Ober, along with Minal Caliskan, PhD, and others first investigated the links between genes and asthma in the COAST group, in which they found significant associations. Less than 30% of children in this group who lacked the asthma-related genetic marker were subsequently diagnosed with the disease vs. 40% of children with one at-risk copy and 50% with two. Children who had two copies of the asthma-related genetic variation also had far more human rhinovirus-related wheezing illnesses.

When the researchers combined both factors, the difference was striking. Only about 25% of children who had no wheezing illness from human rhinovirus developed asthma. About 40% of those who wheezed in the first 3 years of life but lacked the risk-related genes developed asthma. That increased to nearly 60% for those with one copy of the asthma-related allele and to 90% for those with two copies.

Next, they sought to replicate that finding in a similar group, but from a different continent. Although the overall asthma prevalence, based on slightly different criteria in the Danish cohort, was lower, the more-than-additive association between the at-risk genotype, wheezing illness in early life and asthma diagnosis persisted.

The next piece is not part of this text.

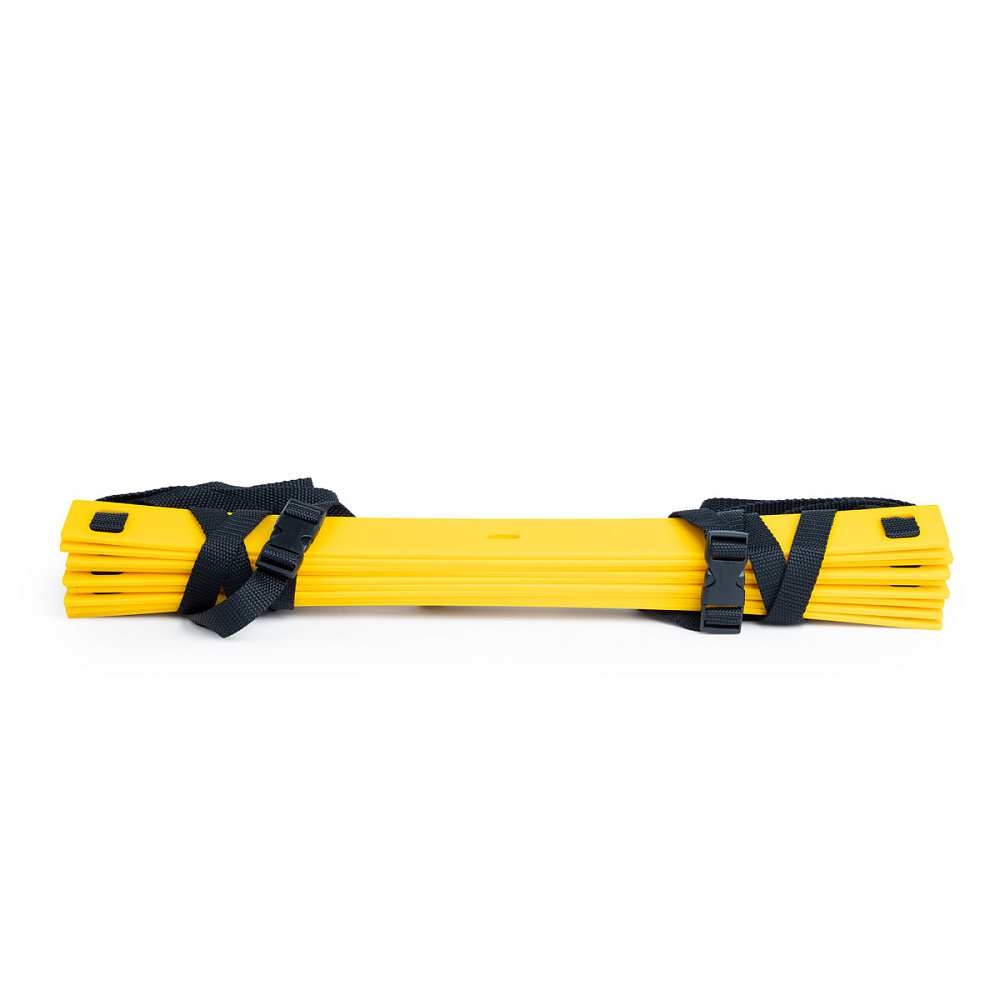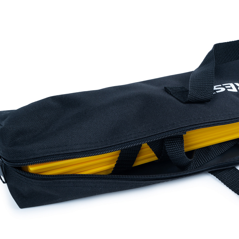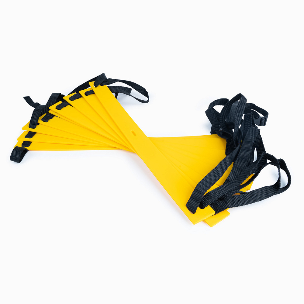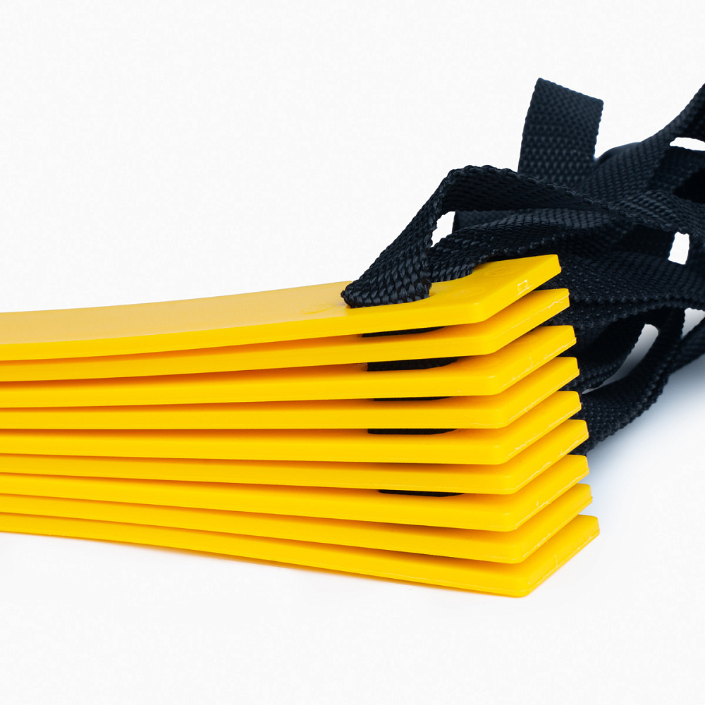 Лестница для тренировок. Длина 4 м, ширина 50 см. Перекладины (9 шт) из прочного пластика, ленты из полиэстера, регулируемое расстояние между перекладинами. На концах лент пластиковые карабины для прикрепления другой лестницы, в случае если необходимо обеспечить бОльшую длину лестницы. Поставляется в нейлоновой сумке для переноски.

Exactly how the genes and viral infection interact to cause asthma is unclear. Two genes in the 17q21 region may play a role, the researchers said. About 90% of the children with these two copies of the common genetic variation and who wheezed when they caught a cold early in life went on to develop asthma by age 6 years, the researchers said.

“For the first time, we may have a genetic marker to identify which children who develop a wheezing illness when they have a cold in the first 3 years of life will be diagnosed with asthma later in childhood,” Ober and Caliskan told Infectious Diseases in Children.

Disclosure: Ober and Caliskan report no relevant financial disclosures.